Almost 90 percent of the companies that were attacked were hit repeatedly, and 55 percent of DDoS targets were also victims of theft - either of funds, customer data or intellectual property. While the attack duration is down, the number of attacks between one and five Gbps shot up nearly three times compared to 2012, Neustar found. DDoS attacks of more than 10 Gbps dropped by half however, from five percent in 2012 to 2.4 percent last year.

That bit of good news may not last however. According to Black Lotus, new distributed reflected denial-of-service (DrDoS) threats could lead to attacks in excess of 800 Gbps during the next 12 to 18 months.

"At the beginning of January 2014, attackers began leveraging NTP DrDoS attacks to launch massive, debilitating attacks against targets of all sizes with attacks peaking at 421 Gbps in February 2014, the largest attack ever recorded," according to Black Lotus' Q1 2014 threat report. "The OPEN NTP Project has successfully reduced the amount of hosts complicit in these attacks through awareness campaigns, which has resulted in service and application layer attacks against websites once again becoming the dominant DDoS threat."
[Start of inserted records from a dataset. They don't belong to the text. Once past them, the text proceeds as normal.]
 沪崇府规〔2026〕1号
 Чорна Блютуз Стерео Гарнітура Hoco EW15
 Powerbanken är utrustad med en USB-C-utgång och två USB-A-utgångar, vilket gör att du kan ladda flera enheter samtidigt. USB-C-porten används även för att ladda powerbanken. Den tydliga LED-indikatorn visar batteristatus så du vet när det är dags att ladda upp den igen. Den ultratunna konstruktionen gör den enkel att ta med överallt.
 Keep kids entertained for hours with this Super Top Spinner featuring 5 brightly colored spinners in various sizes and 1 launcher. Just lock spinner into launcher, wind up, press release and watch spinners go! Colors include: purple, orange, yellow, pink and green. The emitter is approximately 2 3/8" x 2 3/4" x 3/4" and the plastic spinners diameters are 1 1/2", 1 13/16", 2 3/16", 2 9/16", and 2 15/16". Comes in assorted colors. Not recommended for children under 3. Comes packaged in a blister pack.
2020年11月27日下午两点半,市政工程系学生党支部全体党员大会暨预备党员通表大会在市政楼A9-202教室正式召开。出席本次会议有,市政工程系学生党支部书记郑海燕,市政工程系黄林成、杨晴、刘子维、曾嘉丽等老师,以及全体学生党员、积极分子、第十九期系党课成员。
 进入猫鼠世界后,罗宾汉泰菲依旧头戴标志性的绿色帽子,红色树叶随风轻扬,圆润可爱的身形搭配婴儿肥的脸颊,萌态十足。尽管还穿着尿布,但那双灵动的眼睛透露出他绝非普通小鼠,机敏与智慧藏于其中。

"This data indicates that attackers prefer to use DrDoS attacks to take advantage of vulnerable services which use the UDP protocol, such as DNS and NTP, but are unable to launch these attacks consistently," the report continues. "While DrDoS attacks are the largest, most devastating attacks currently in existence an attacker must rely on thousands of vulnerable servers to amplifying and relay the attacks. When groups like The OPEN NTP Project create awareness campaigns it serves to reduce the amount of vulnerable servers and prevents attackers from consistently launching DrDoS attacks. As a result the attackers must resort to the tried and true method of attacking web servers directly using methods such as TCP SYN and HTTP GET attacks for which many companies do not have organic filtering capabilities and can be launched by attackers without relying on vulnerable UDP services."

Researchers at Black Lotus predict that reflection attacks against UDP services such as DNS, NTP, SNMP and other protocols will continue to pose a threat to service providers, enterprises and their upstream carriers. While NTP DrDoS has tapered off, attackers are currently seeking other UDP services that can be used as a DrDoS vector.
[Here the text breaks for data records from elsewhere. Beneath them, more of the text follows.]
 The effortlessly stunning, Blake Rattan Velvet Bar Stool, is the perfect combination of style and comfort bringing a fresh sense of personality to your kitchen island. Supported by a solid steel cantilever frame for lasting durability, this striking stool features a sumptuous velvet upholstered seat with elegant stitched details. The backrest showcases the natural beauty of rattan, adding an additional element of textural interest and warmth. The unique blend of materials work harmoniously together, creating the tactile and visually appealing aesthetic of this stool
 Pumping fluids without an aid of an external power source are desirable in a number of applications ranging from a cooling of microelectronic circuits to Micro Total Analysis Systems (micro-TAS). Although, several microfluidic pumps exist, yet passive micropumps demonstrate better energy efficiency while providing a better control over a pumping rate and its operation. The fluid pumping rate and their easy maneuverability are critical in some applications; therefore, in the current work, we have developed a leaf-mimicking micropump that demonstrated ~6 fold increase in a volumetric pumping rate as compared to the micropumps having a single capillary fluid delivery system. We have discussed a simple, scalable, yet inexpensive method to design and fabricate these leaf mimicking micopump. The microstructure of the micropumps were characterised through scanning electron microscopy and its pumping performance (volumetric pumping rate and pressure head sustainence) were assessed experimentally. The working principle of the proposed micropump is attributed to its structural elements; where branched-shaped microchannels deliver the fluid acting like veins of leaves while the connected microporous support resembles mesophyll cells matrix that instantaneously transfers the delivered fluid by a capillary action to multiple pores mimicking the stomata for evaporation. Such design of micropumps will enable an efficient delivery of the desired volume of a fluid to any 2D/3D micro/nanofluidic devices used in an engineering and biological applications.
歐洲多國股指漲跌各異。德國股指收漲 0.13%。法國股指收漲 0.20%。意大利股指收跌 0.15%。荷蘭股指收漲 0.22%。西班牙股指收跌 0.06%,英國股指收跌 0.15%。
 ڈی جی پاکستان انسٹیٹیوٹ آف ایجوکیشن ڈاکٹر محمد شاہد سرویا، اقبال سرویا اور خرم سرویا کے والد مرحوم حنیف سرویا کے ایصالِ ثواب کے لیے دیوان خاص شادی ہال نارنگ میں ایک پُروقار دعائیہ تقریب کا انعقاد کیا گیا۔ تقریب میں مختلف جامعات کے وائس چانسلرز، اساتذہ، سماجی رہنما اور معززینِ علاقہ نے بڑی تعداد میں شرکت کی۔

"Black Lotus expects that new amplification conditions will be discovered resulting in a potential for DDoS attacks exceeding 800 Gbps in the next 12 – 18 months," according to the report. "Until attackers are able to achieve this level of volume they will continue to target servers and web applications using SYN and HTTP GET floods which remain devastating for those which do not employ effective on-site DDoS mitigation or employ the services of DDoS mitigation and web application security providers."

"Historically, service providers have been able to operate without providing substantial security services to customers," said Jeffrey Lyon, founder of Black Lotus, in a statement. "That's no longer viable, as threats proliferate and attackers find new ways to amplify the volume of their efforts."